I learned the personal is political. As I learned and read about the symptoms and behaviors of gender based violence, I began to connect the same abusive behaviors and tactics in settler society. I learned that settler society is based on power and control over stolen land and stolen people. My intersectionality has and always has been based on the concept of K’é/ kinship. A teaching that my late Grandmother instilled in me since childhood. K’é is the foundation and identity of who we are as Diné. It is our relationship to one another, non-human relatives and the land. My activism is K’é because it involves working towards a just, free, liberated and dignified life for all oppressed people. We have witnessed the strengthening of K’é as BIPOC have joined in solidarity against the injustices we face.
Thanksgiving is today, how do you feel about this holiday? What can we do to recognize Indigenous communities on this day?
I do not celebrate genocide. No Thanks No Giving is a colonial holiday that further reinforces the false sense of unity and harmony. Something that has never existed since colonization. It’s another example of the silencing of Indigenous people and their history. In this case, our Wampanoag relatives. What settlers can do to recognize Indigenous people on No Thanks No Giving is give us the land back. Now, that would be something to celebrate!
What are some tips that people outside the Indigenous community can use to provide support?

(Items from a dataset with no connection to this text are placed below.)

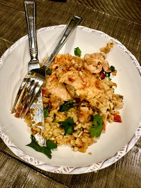 I was feeling nostalgic for some of the dinners my mom would sometimes make in the 80’s so decided to make my own version of the chicken and rice bake most of us probably remember well.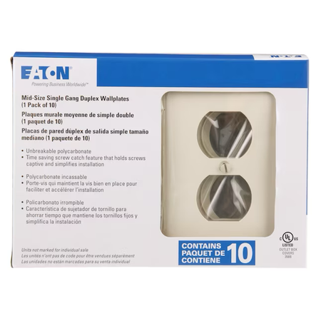 Eaton 1-Gang Midsize Light Almond Polycarbonate Indoor Duplex Wall Plate (10-Pack)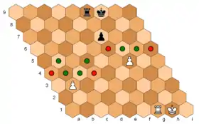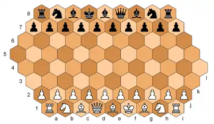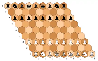 The game is played on a vertically oriented regular hexagonal board with sides 6 cells long, which has 91 hex cells having three colours (light, dark, and mid-tone), with the middle cell (or "hex") usually mid-tone.[4] The usual set of chess pieces is increased by one bishop and one pawn. The board has 11 files, marked by letters a–l (letter j is not used), and 11 numbered ranks (which bend 60° at file f). Ranks 1–6 each contain 11 cells, rank 7 (filled with black pawns in the initial setup) has 9 cells, rank 8 has 7, and so on. Rank 11 contains exactly one cell: f11.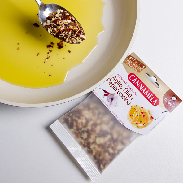 - 1/2 confezione Preparato per sugo aglio, olio e peperoncino CANNAMELA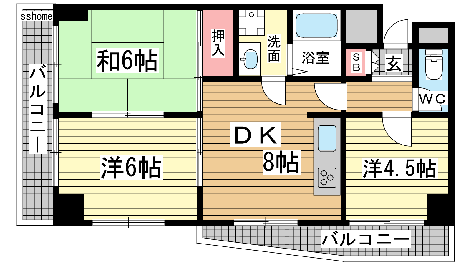 - DK8帖、洋室6帖、洋室4.5帖、和室6帖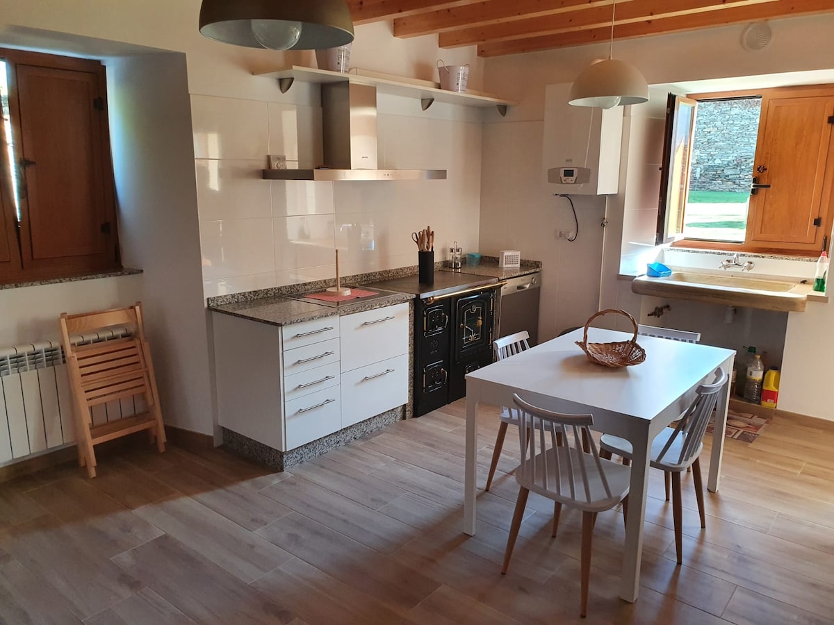 Casita de campo con 3 habitaciones, 1 salón, cocina, baño y estancia cubierta para dejar el coche. A compartir con los anfitriones las lavadoras (que están en una estancia independiente de la casa) Hay barbacoa portatil. NO HAY CALEFACCION NI WIFI . La aldea es muy tranquila, idónea para relajarse y desconectar, aunque a tan solo 1 min del pueblo (1km )donde hay supermercados, servicios y piscina municipal. Las playas de burela, cangas y fazouro están a 10min y foz a 20min. PROHIBIDO GATOS!!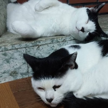 另外一隻有類似花色的貓咪是Noel,他們倆兄弟常膩在一起,就連睡覺也不例外,而Atom就算睡覺也不會把帽子摘掉哦~
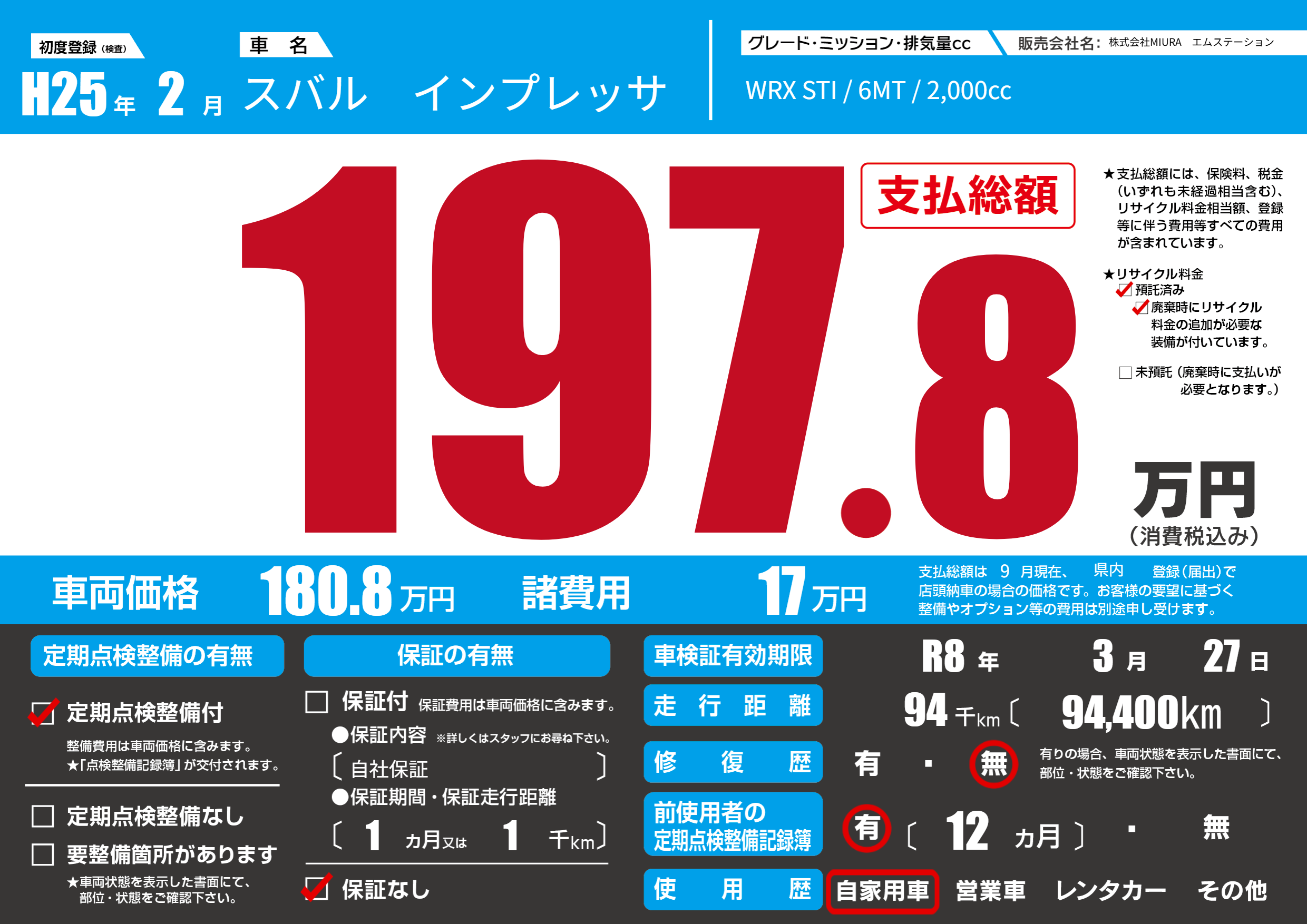 | 車名 | スバル インプレッサ | グレード ミッション 排気量 |

Educate not only ourselves, but our families and communities on the nuances of violence, their roots and the goals of violence. Learn about the many movements by BIPOC and how to support/ donate to those movements. Our role going forward is to fight for those who continue to be oppressed, who don’t have adequate status or protection. We are all capable of creating changes needed in our families and communities. White Supremacy, Heteropatriarchy, and Capitalism must also be dismantled and destroyed in order for us to truly live as good relatives to each other and the Earth. We will always be strengthened through our kinship and honest connections to one another. There is no K’é in money or material objects. There is K’é in the land, water, air, fire, our non-human relatives and each other.